> [Exercise brief]: Your task is to return exactly the lines that run from the one containing "本次主要针对在宿舍内私接乱拉" through the end of the listing below, without any pictures.

> [Provided data]:
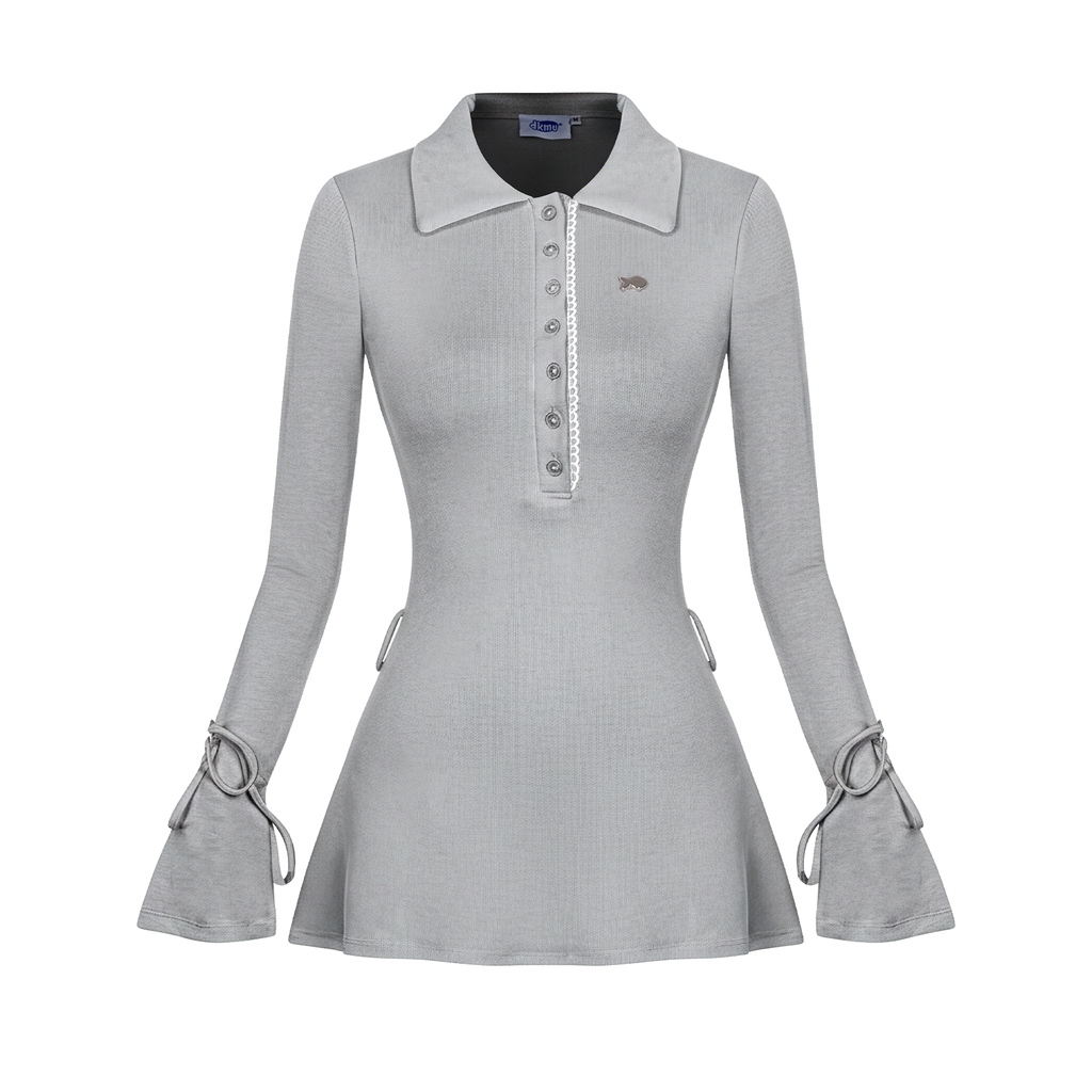 Điểm nhấn làm nên sự kiêu kỳ đặc biệt chính là thiết kế tay dài loe nhẹ nhàng, mang lại nét e ấp và thanh thoát cho đôi tay của bé. Dải ren đính dọc hàng nút tinh tế chính là nét chấm phá điệu đà, khiến chiếc đầm trở nên xinh yêu và khác biệt.
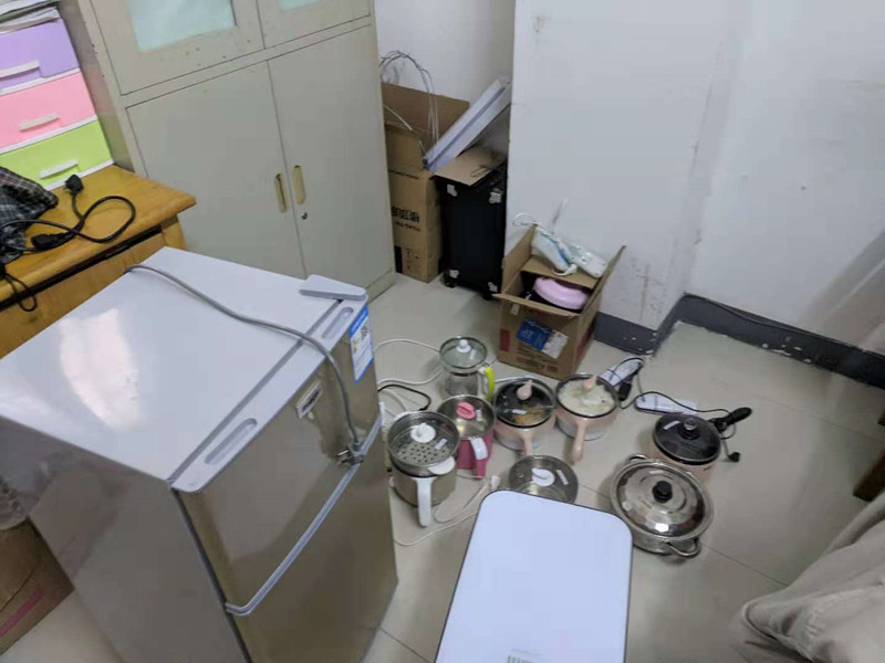 本次主要针对在宿舍内私接乱拉电线、使用大功率电器,酒精炉等违章用火用电行为,安全疏散通道是否畅通等情况,经全面细致的排查,共发现并收缴电饭锅8只,烘鞋器1个,电冰箱2台。除此之外,据提学生供信息,目前仍有多数未被发现的大功效电器被私藏。
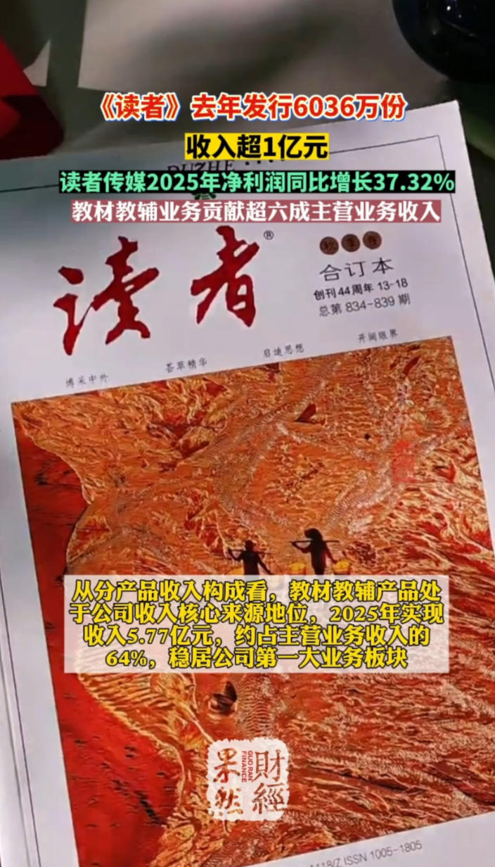 3月26日晚间, 读者传媒发布上市以来第十一份年报:2025年实现营业收入约9.04亿元,净利润约0.85亿元,归母净利润同比增长37.32%。从分产品收入构成看,教材教辅产品处于公司收入核心来源地位,2025年实现收入5.77亿元,约占主营业务收入的64%,稳居公司第一大业务板块。《读者》2025年月均发行量持续保持在500万册以上(含数字版),营业收入达1.09亿元,发行量达到6036万份。
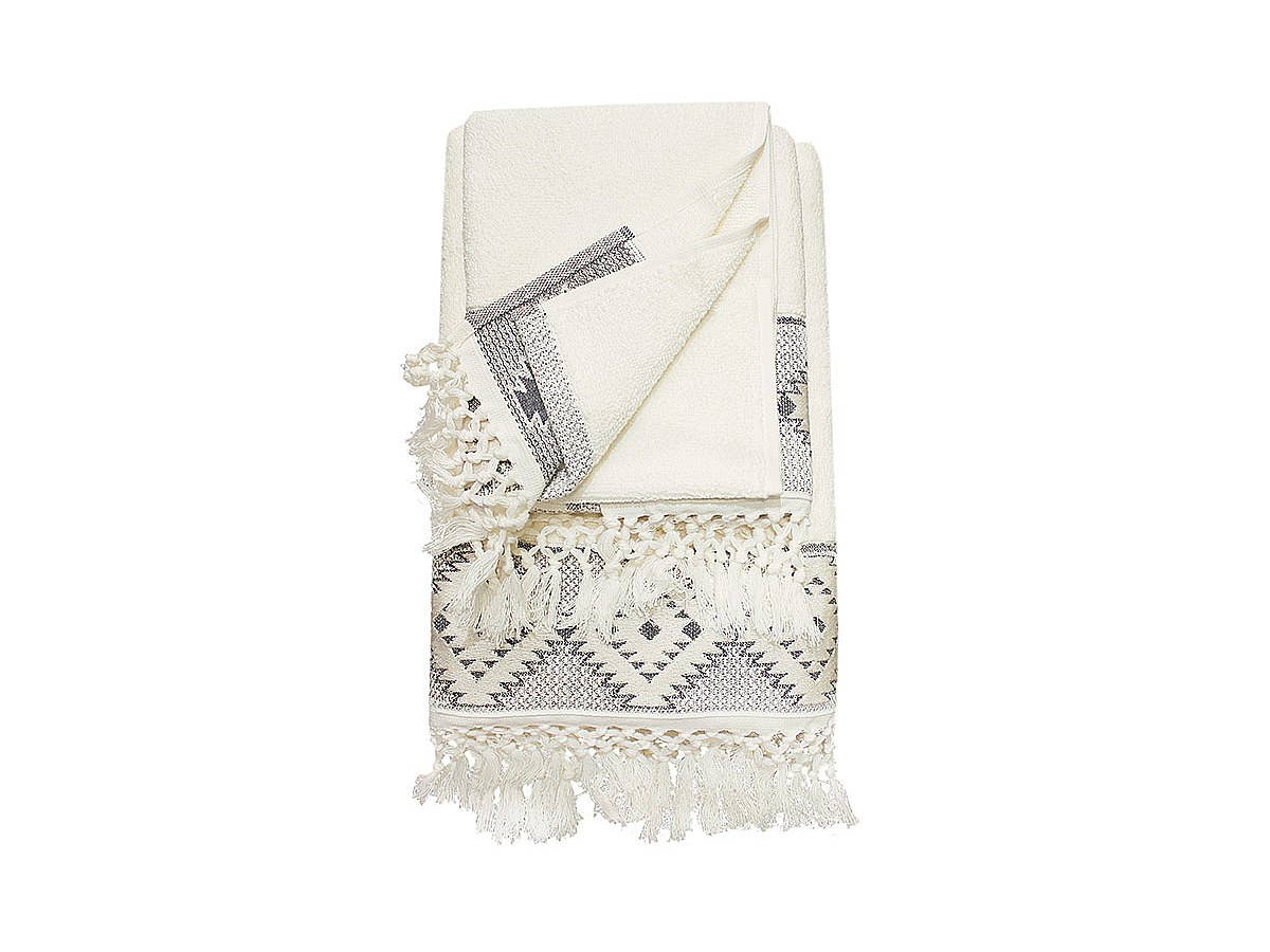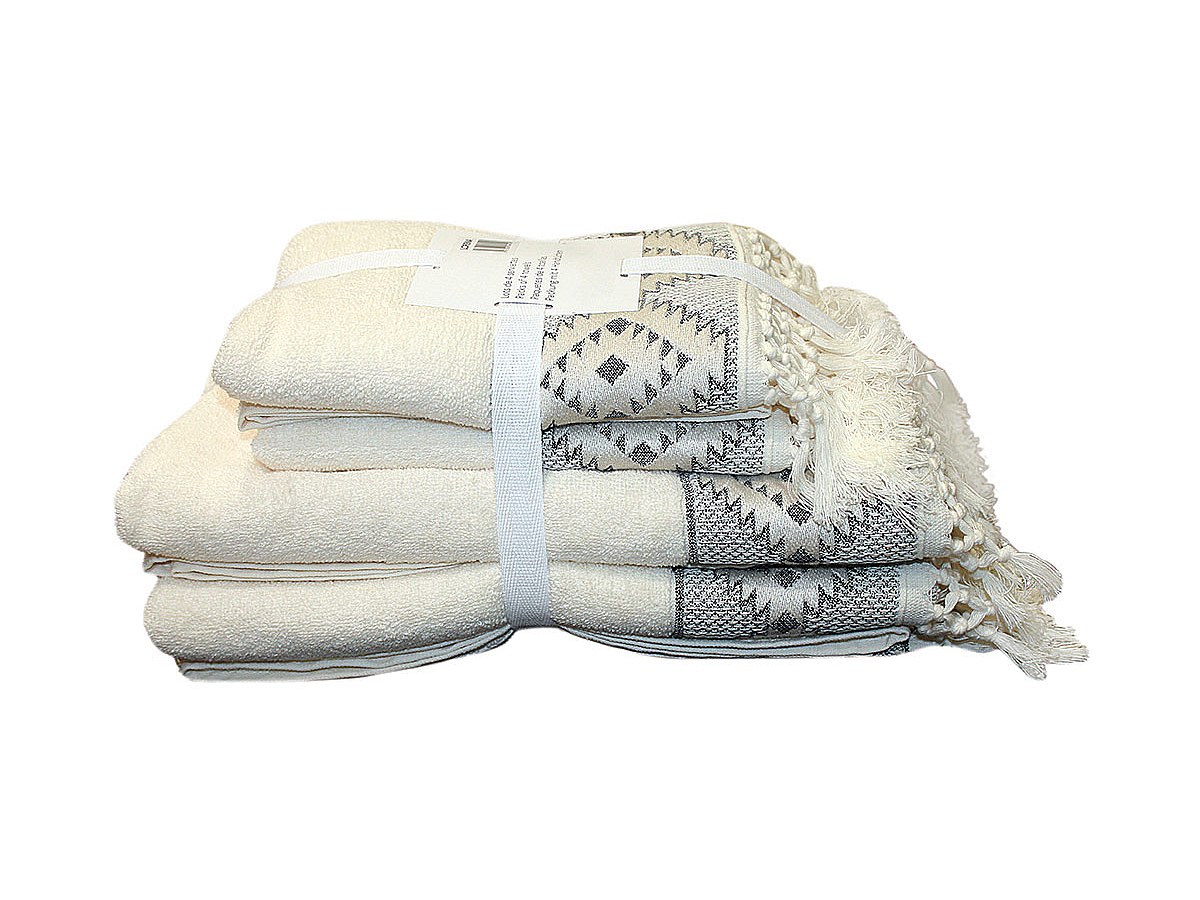 Zestaw 4 ręczników kąpielowych LORENA w stylu berberyjskim – 2 małe 50 × 90 cm i 2 średnie 70 × 140 cm – kolor kremowy i czarny

> [Output below]:
 本次主要针对在宿舍内私接乱拉电线、使用大功率电器,酒精炉等违章用火用电行为,安全疏散通道是否畅通等情况,经全面细致的排查,共发现并收缴电饭锅8只,烘鞋器1个,电冰箱2台。除此之外,据提学生供信息,目前仍有多数未被发现的大功效电器被私藏。
 3月26日晚间, 读者传媒发布上市以来第十一份年报:2025年实现营业收入约9.04亿元,净利润约0.85亿元,归母净利润同比增长37.32%。从分产品收入构成看,教材教辅产品处于公司收入核心来源地位,2025年实现收入5.77亿元,约占主营业务收入的64%,稳居公司第一大业务板块。《读者》2025年月均发行量持续保持在500万册以上(含数字版),营业收入达1.09亿元,发行量达到6036万份。
 Zestaw 4 ręczników kąpielowych LORENA w stylu berberyjskim – 2 małe 50 × 90 cm i 2 średnie 70 × 140 cm – kolor kremowy i czarny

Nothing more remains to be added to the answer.